Howson of the Michigan Law School agrees that the steel industry in China is well known to be corrupt. “The Chinese government has begun to arrest Chinese steel industry executives, including Shougang’s Tang Yixi, and thus, this may be a bribery prosecution which reaches into the whole industry.”

In Howson’s view, the case highlights what has been both a problem and an opportunity in China. In Rio Tinto’s case, it was the opportunity to continue to sell masses of Australian-origin iron ore to hungry Chinese steel producers, he says.

“The challenge or problem is for foreign companies like Rio Tinto not to succumb to easy promises of privileged access, privileged information, or some kind of special step up promising completion of a huge and profitable deal,” he argues. “For almost two decades, China’s trade and investment environment has been littered with such promises and a good deal of corrupt exchange that has deprived foreign and Chinese investors and traders of anything like a level playing field. The problem is now especially difficult in regard to PRC-origin but foreign-educated returned executives (haigui) who can gain posts as representatives of large foreign concerns based upon the promise of special access, connections, and information.”

For observers like Shameen, however, the case really highlights the importance of iron ore to China as a strategic metal on which the growth of its economy depends. China is the world’s dominant consumer of iron ore, without which there would be no steel plants, no improvements in China’s infrastructure, little growth and social chaos.

“Iron ore is to China what oil is to the U. S.,” he ex
plains. “Remember what the Kuwait War was all about? It wasn’t about democracy or the sovereignty of some sheikdom but ensuring oil supplies to the U. S. So you need to look at this Rio/iron ore case the way you look at the Kuwait War. It’s all about ensuring supplies of a key resource without which your economy and your entire economic growth plan will crumble.”

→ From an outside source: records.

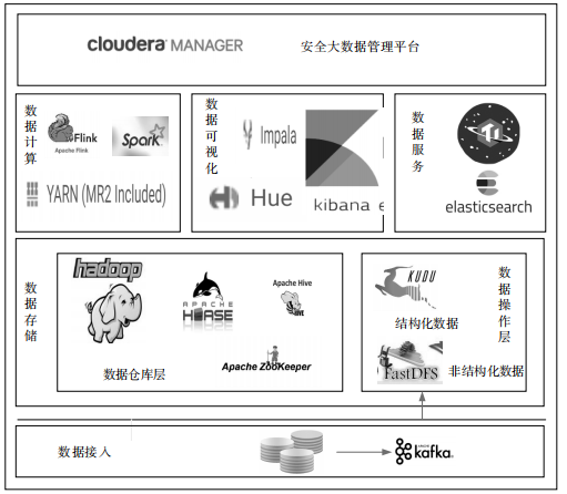 数据采集层利用大数据技术收集网络安全信息 。从业务类型来划分,接入的数据主要包括安防应用系统埋点日志类数据、流量类数据、安全资源类数据、安全知识情报类数据和安全告警类数据等。数据抽取工具和自定义程序实现对数据库、文本文件、流数据的接入。通过构建数据引接系统,支持多源异构数据接入,引入 Kafka 数据高速传输组件,能够实现流量削峰,建立高效数据传输通道,最大化数据吞吐率,实现数据高速采集传输,减少数据时延,满足对实时性要求更高的应用场景。
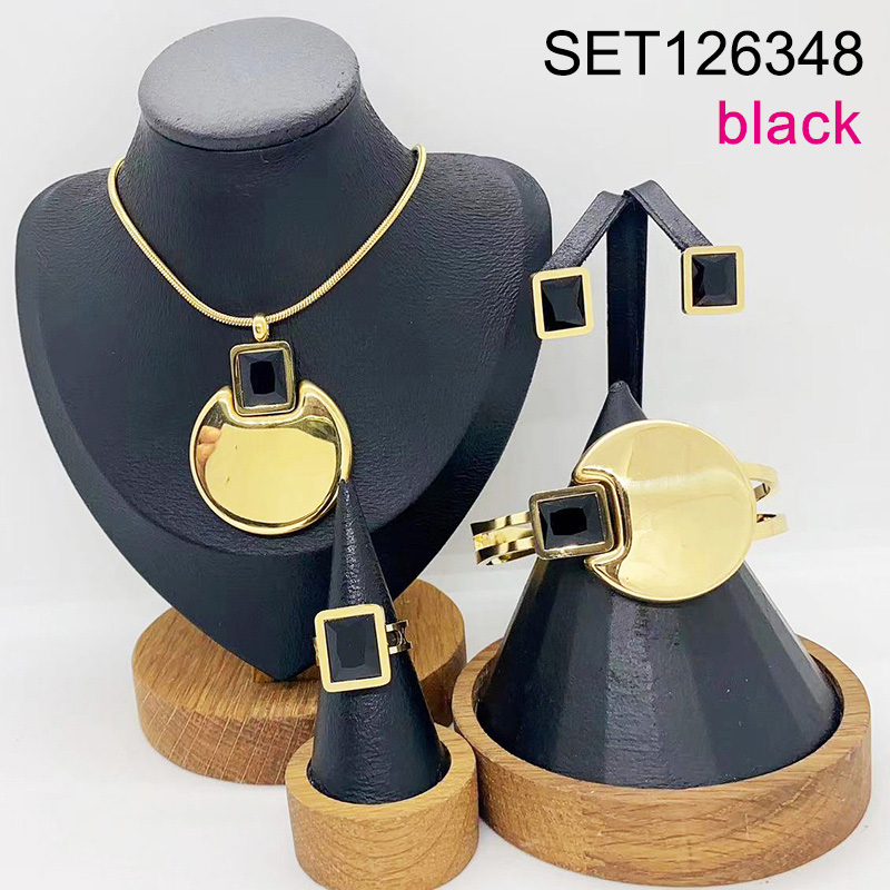 Home > Level B Stainless Steel New Trendy Women Jewelry Round Rectangle Black Stone Golden 4pcs SET
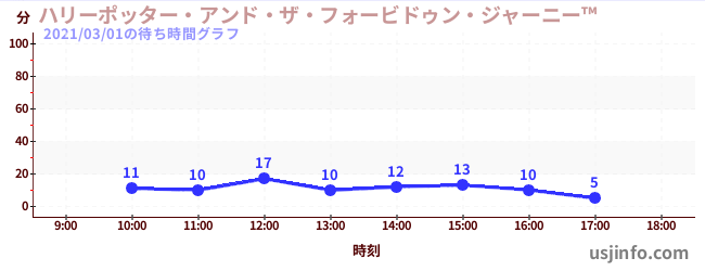 • ハリーポッター・アンド・ザ・フォービドゥン・ジャーニー™$B$N(B2021年03月01日の待ち時間
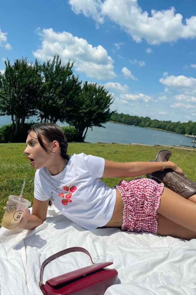 As opções de looks devem ser fresquinhas, leves e soltas. Shortinhos de algodão e blusas soltinhas funcionam muito bem. Cores como vermelho e branco combinam bastante com a ocasião. Cabelo preso em tranças ou com um toque fofo também são ótimas opções.
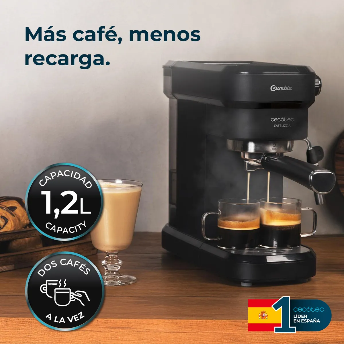 - Brazo portafiltros con doble salida y dos filtros para preparar uno o dos cafés automáticamente.
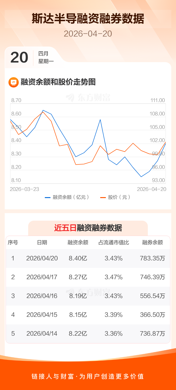 交易所最新数据显示,斯达半导于2026年4月20日获融资买入5809.06万元,融资偿还4456.80万元,当日融资净买入1352.26万元。目前,该股融资余额8.40亿,占流通市值比例为3.43%。
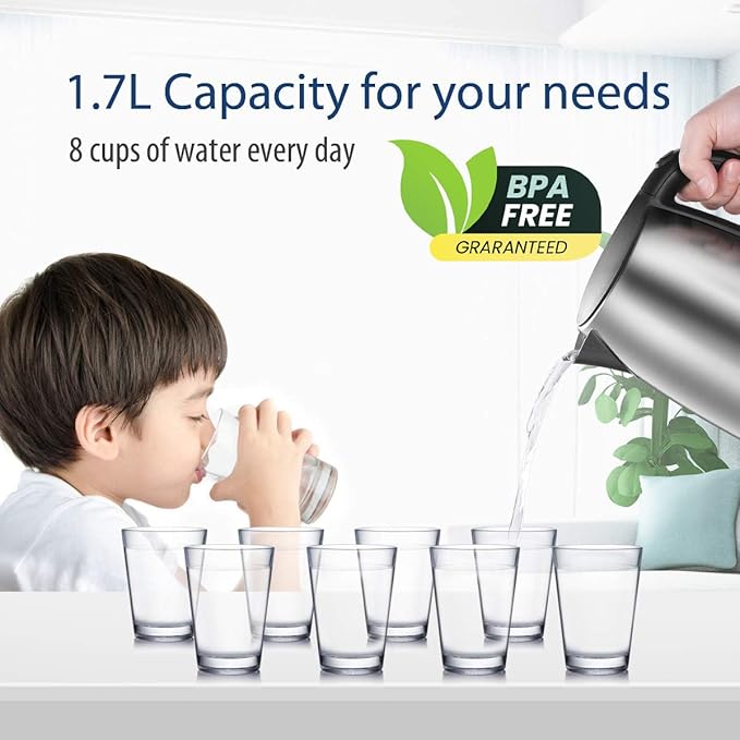 - FAST BOIL: The 1500W heating power provides fast and efficient boiling. This electric hot water kettle has concealed heating elements, making it quick and safe to use.
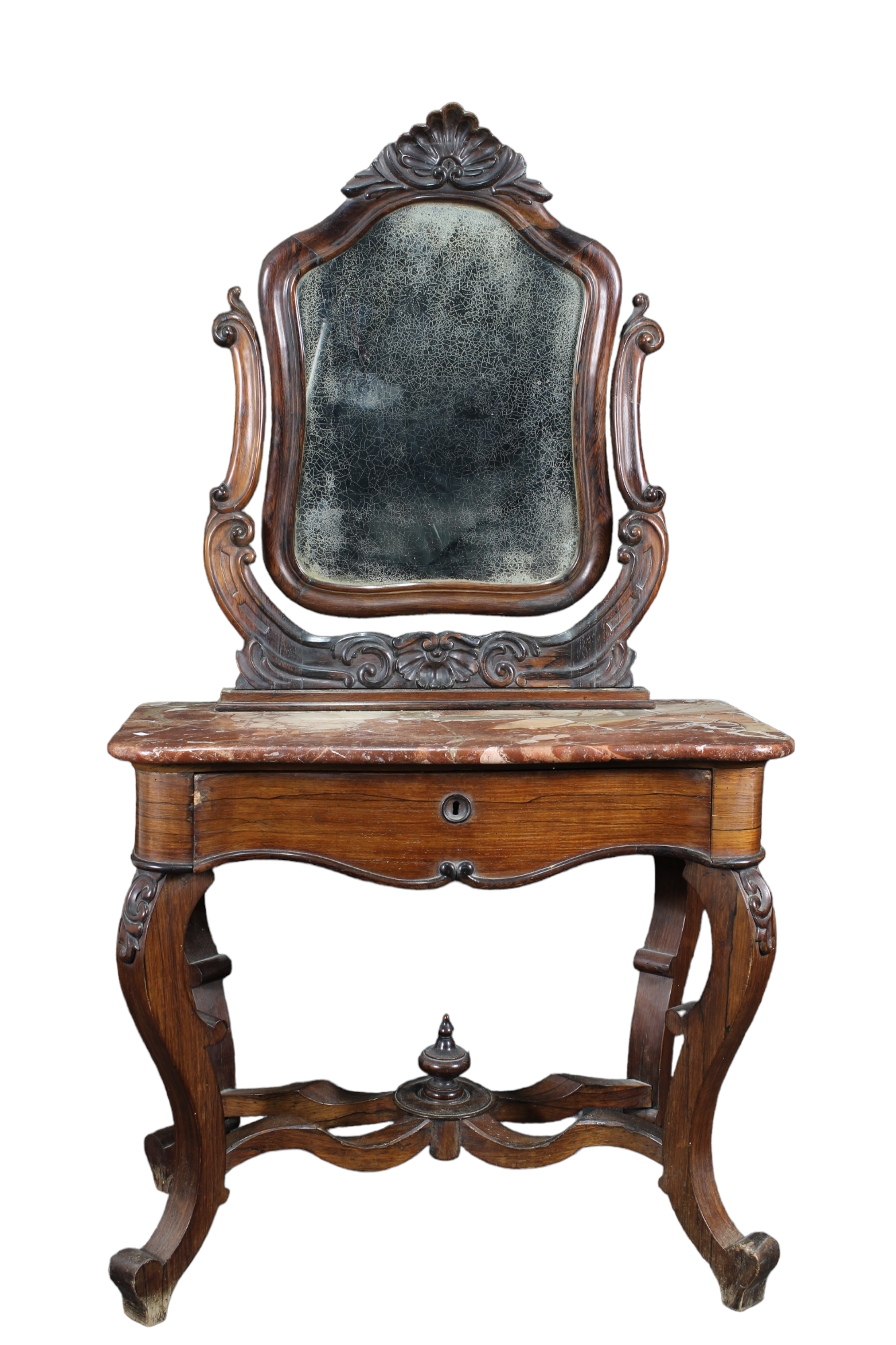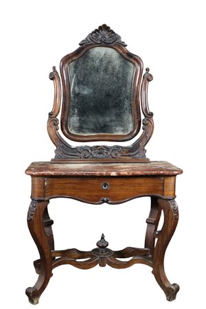 TOLETTA IN PALISSANDRO CON PIANO IN MARMO SPECCHIO BASCULANTE sotto piano con cassetto e gambe arcuate XIX secolo Napoli h cm 173 x 93 x 48

While the arrests have undoubtedly raised the level of uncertainty about the invisible lines and grey areas of doing business in China — many agree that the case has been overblown in the media, particularly in Australia — and that the outcome won’t have a long-term impact on foreign companies doing business in China.

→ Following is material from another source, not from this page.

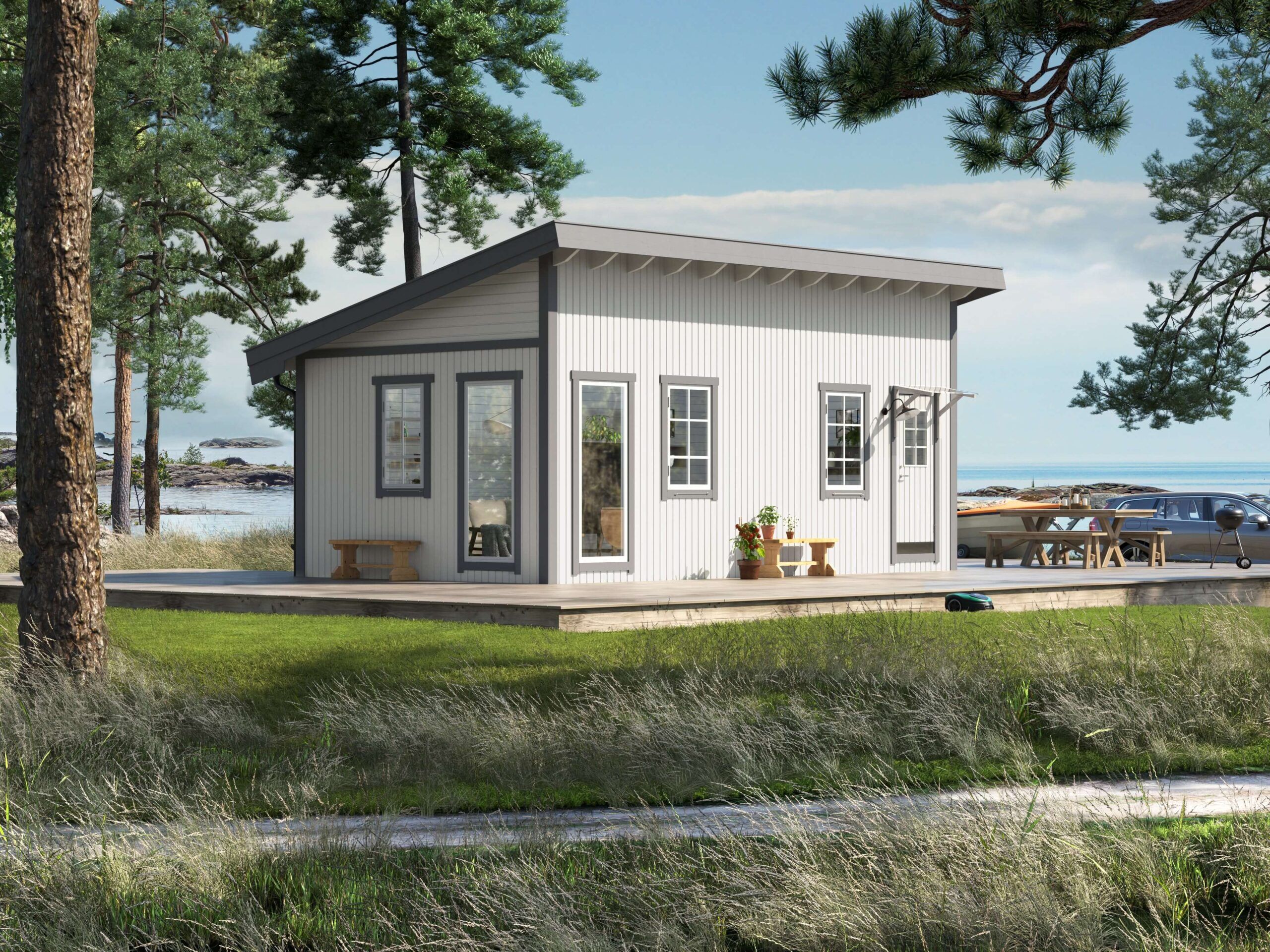 Pailin 30 är ett robust stort Attefallshus på 29,9 m² med stående och delvis liggande panel samt pulpettak. Pailin 30 är lämplig som gäststuga till sommarstugan eller som komplement till befintligt bostadshus. Pailin 30 är ett bra val där stort gaveldjup önskas. Pailin 30 kan med fördel inredas till boende för tonårsbarnen eller som uthyrningsbostad. Passar väl in i miljöer med befintliga pulpettak. Attefallshuset levereras som en monteringsfärdig byggsats där stommen kommer i färdiga block med självbärande takbjälkar. Panelen levereras lös i färdiga längder för montage med vindskydd och spikläkt på stommen.

“It won’t cast a chill over mining investment in China although companies looking to enter the region will no doubt tread more cautiously,” noted the Toronto analyst.

Others see it this way: China has emerged as a huge consumer of goods, services, and resources. Last year, car sales in China surpassed those in the U. S. for the first time in history. China is now the world’s second-largest importing nation. Consumption levels are currently only 37% of the country’s gross domestic product in contrast to 70% in the U. S., but that figure is expected to swell in the years ahead. By some estimates China consumes 42.6% of the world’s coal, 60% percent of its iron, 38% of its steel, 54% of its cement, 28.5% of its copper and 35% of its aluminum.

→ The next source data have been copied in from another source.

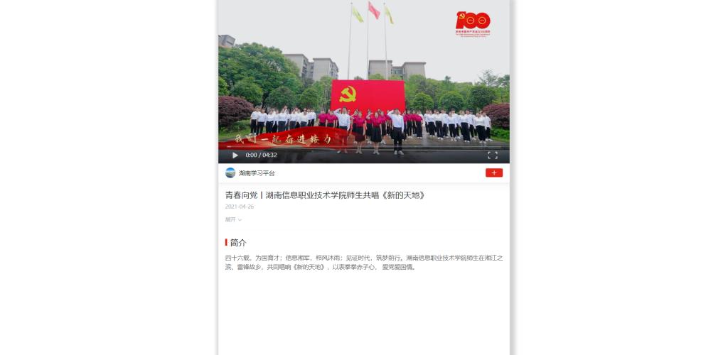 4月26日,学习强国发布《青春向党丨best365手机版官方网站师生共唱<新的天地>》。
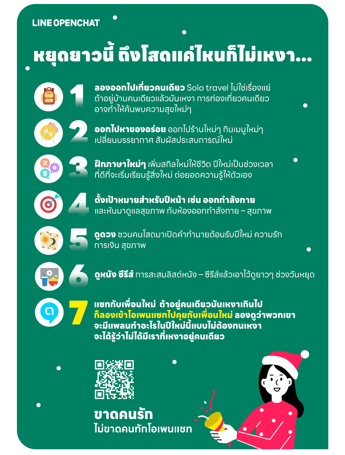 เราเลยอยากมาแนะนำ 7 กลุ่มห้องโอเพนแชทชวนเหล่าคนโสดทุกหมู่เหล่า ไม่ว่าจะโสดมืออาชีพ โสดขี้เหงา โสดอินโทรเวิร์ท หรือโสดเอ็กซ์โทรเวิร์ท ให้มาจอยกันแบบ “ขาดคนรัก ไม่ขาดคนทัก” ได้เรียลไทม์ตลอด 24 ชม. รับวันหยุดยาวเคาท์ดาวน์สิ้นปีนี้
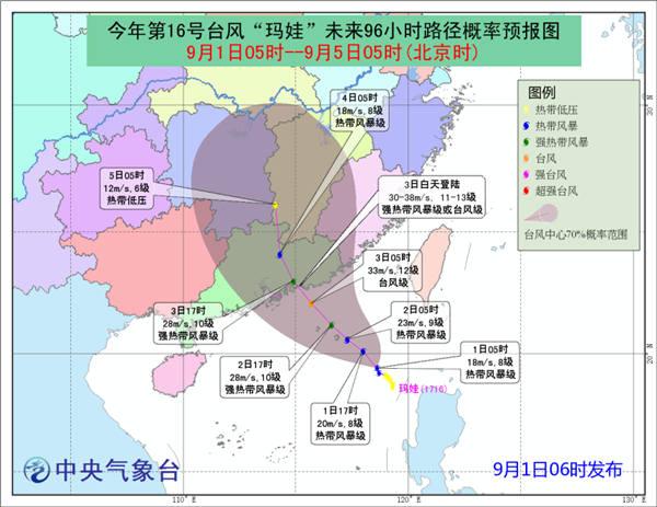預(yù)計,“瑪娃”將以每小時10公里左右的速度向北偏西方向移動,強度逐漸加強,并向廣東中部一帶沿海靠近,將于3日白天在這一帶沿海登陸,登陸時強度為強熱帶風暴級或臺風級(30-38米/秒,11-13級),登陸后迅速減弱。

“Everyone is bending over backwards to please China,” veteran journalist Shameen argues. “Ten years ago, there were hundreds of multinationals setting up shop in China but few actually made any money. Fast-forward to 2009 and most multinationals are losing money in the U. S. and in Europe, or barely breaking even, and the only place they are really making a lot of money is China. Will they do something to jeopardize that? No.”

Anecdotally, Shameen points to McDonald’s and Starbucks to make his point, arguing that the multinationals make more money per person, per burger, per cup of coffee in China than they do in the U. S. Will they walk away because four people got arrested in China or will they expand, he asks rhetorically. “You bet they will open more stores in China.

“Mining companies more than anyone know that China is where the real demand is,” he says. “They will be the last ones to retreat.”